» **ASSIGNMENT**: Restate the lines word for word, from the first line of the records through the line containing "大和川分水築留掛かりとして、". Leave out the pictures and anything after that line.

» **EXCERPTED RECORDS**:

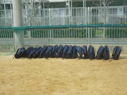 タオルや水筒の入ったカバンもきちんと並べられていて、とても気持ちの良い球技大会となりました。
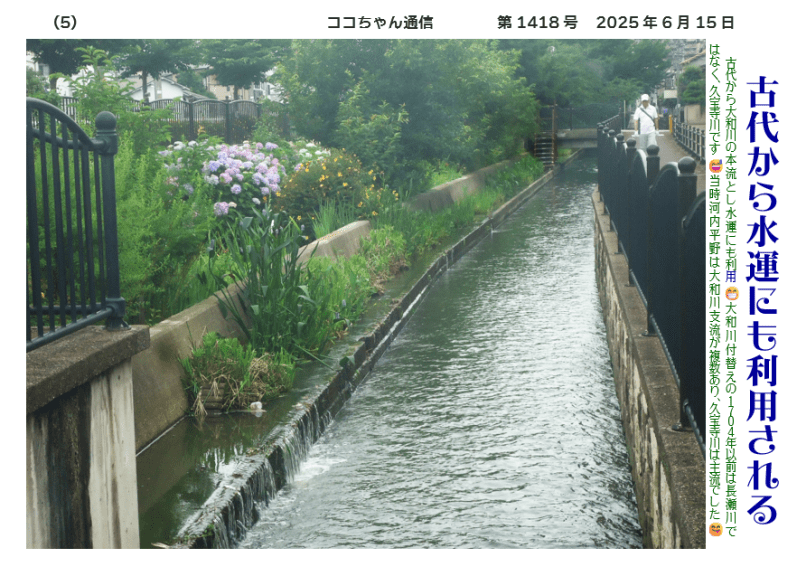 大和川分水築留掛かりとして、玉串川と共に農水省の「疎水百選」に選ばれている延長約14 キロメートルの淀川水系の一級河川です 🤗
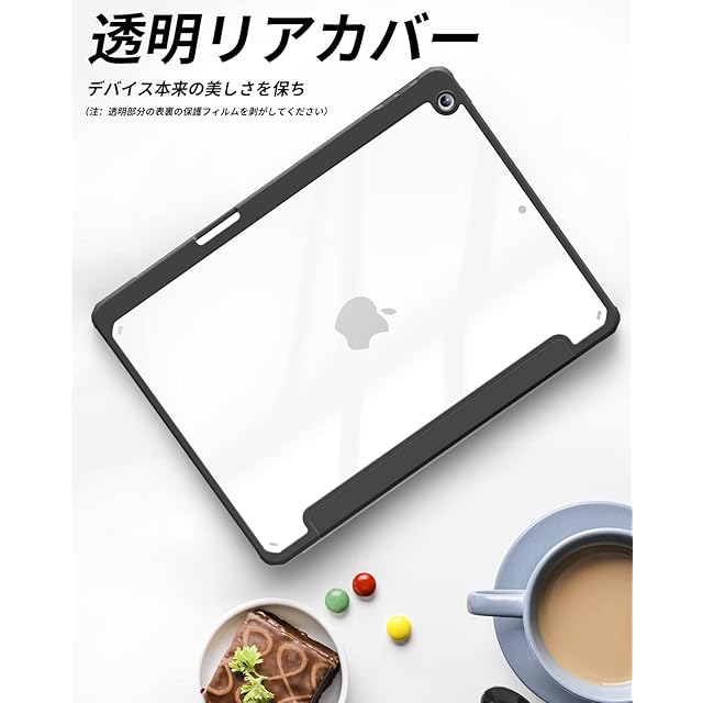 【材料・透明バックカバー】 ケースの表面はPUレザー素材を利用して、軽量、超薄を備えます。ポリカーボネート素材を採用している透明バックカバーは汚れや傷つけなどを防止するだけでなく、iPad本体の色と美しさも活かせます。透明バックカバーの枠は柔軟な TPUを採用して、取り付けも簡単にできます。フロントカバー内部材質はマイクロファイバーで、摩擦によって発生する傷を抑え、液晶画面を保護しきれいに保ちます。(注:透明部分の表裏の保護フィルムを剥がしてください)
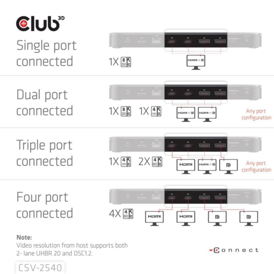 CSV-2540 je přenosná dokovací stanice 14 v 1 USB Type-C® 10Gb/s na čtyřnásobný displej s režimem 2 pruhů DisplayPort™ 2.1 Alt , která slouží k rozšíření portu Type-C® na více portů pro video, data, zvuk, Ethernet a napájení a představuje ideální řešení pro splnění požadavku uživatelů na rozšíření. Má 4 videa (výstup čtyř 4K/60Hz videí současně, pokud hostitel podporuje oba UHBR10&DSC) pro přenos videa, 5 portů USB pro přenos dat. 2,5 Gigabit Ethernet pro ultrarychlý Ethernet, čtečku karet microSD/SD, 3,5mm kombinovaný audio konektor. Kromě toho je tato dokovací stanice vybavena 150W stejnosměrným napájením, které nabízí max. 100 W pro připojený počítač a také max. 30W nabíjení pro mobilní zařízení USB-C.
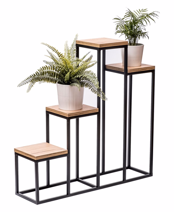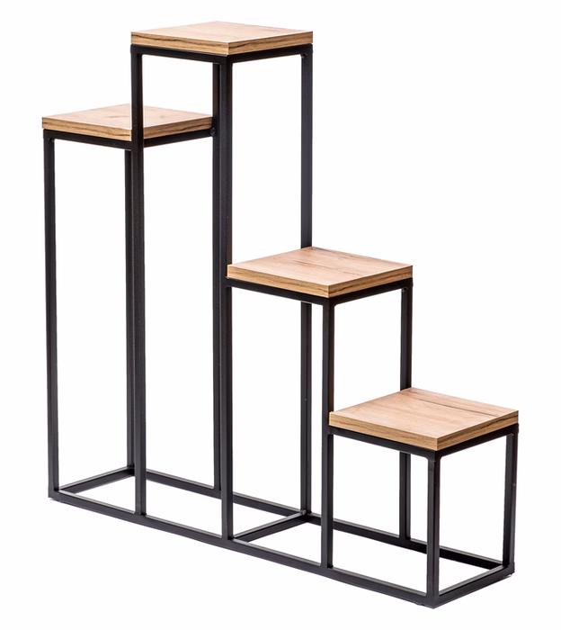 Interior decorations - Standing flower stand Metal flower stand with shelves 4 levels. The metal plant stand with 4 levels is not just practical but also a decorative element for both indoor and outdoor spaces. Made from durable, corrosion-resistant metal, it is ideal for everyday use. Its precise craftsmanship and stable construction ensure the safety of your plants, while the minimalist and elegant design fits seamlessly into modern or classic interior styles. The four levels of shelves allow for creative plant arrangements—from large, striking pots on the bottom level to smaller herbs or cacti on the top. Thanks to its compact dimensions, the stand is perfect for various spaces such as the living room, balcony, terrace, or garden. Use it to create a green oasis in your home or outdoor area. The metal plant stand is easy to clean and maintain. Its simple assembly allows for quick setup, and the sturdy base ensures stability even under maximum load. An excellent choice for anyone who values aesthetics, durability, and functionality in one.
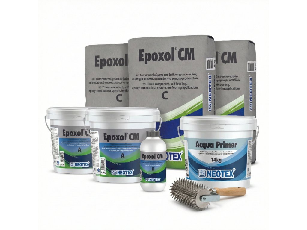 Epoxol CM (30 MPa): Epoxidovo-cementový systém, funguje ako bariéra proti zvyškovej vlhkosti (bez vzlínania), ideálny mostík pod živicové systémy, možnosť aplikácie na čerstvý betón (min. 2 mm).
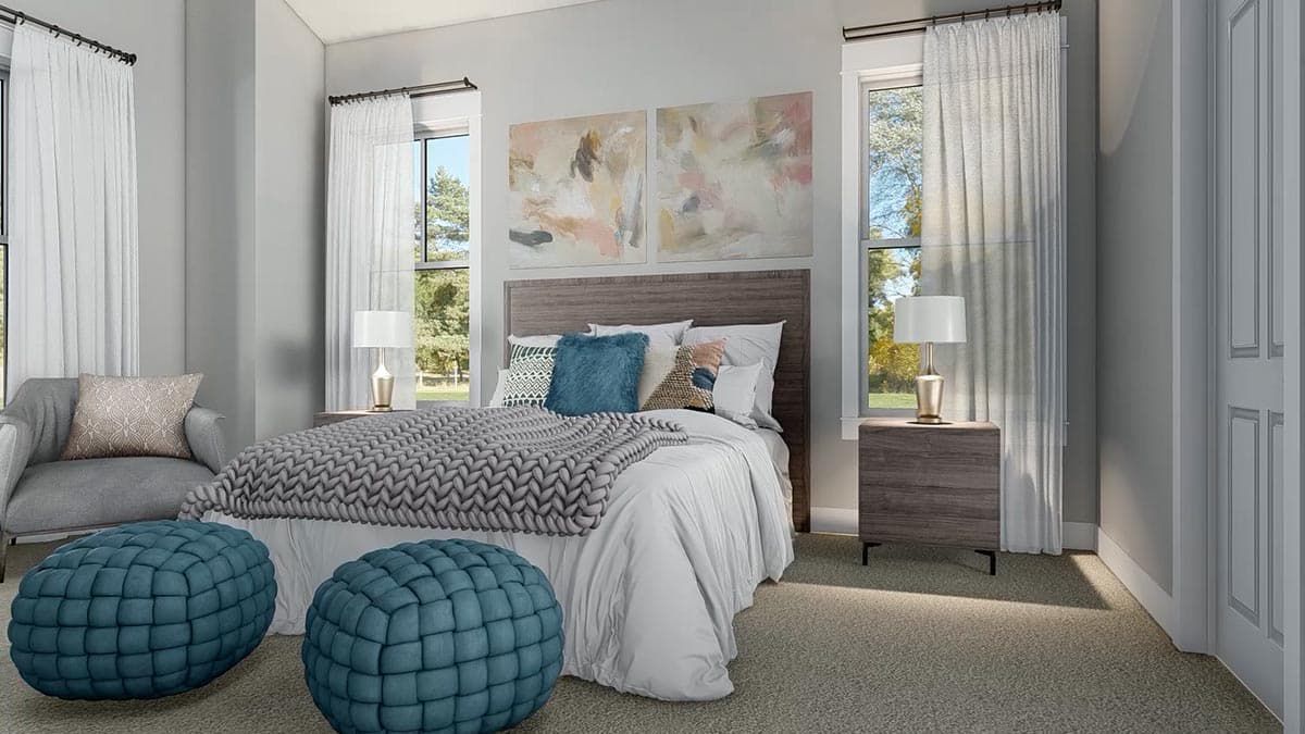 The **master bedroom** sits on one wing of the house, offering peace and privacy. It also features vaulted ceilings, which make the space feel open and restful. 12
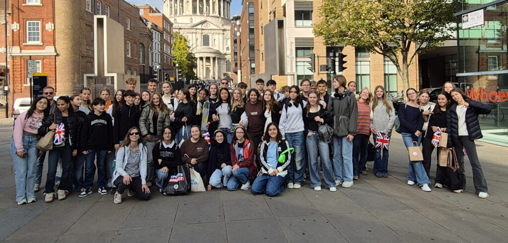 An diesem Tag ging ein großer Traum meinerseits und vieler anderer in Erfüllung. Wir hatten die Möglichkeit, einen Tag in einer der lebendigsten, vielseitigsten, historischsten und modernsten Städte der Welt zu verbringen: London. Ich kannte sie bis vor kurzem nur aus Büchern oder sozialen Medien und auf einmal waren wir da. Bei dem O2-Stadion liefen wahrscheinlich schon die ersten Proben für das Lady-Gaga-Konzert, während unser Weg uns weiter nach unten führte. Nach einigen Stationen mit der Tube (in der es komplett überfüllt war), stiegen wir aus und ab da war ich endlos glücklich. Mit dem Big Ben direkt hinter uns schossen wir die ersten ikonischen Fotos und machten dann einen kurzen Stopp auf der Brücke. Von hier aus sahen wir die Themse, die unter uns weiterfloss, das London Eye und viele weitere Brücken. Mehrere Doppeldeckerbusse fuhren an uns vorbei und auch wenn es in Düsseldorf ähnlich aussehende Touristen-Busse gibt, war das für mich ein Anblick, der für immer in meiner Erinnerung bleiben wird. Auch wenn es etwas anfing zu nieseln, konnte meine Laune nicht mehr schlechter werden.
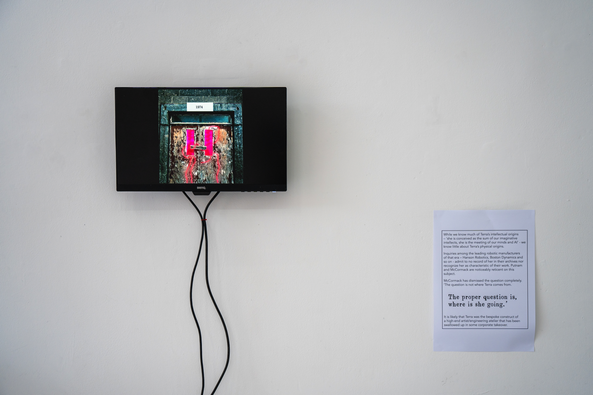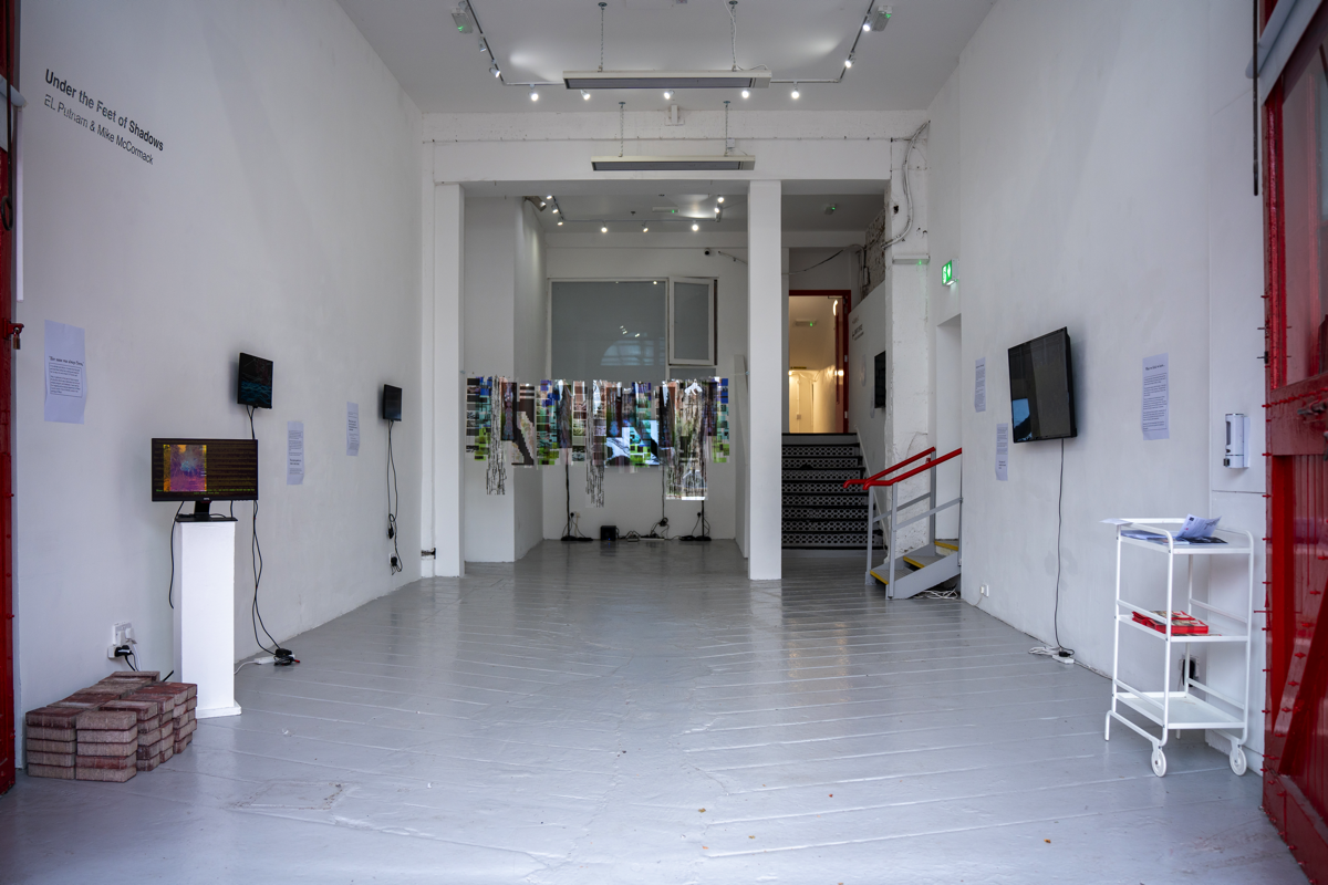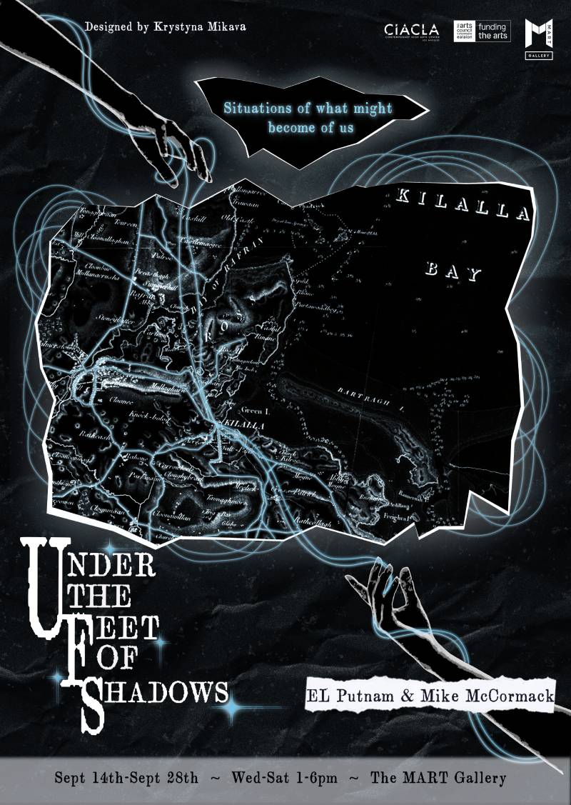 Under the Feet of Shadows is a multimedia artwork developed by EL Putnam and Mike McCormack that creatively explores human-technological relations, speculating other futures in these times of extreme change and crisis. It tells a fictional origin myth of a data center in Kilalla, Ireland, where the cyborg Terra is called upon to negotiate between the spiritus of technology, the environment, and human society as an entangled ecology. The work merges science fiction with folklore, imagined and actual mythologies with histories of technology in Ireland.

» **ANSWER BOX**:
 タオルや水筒の入ったカバンもきちんと並べられていて、とても気持ちの良い球技大会となりました。
 大和川分水築留掛かりとして、玉串川と共に農水省の「疎水百選」に選ばれている延長約14 キロメートルの淀川水系の一級河川です 🤗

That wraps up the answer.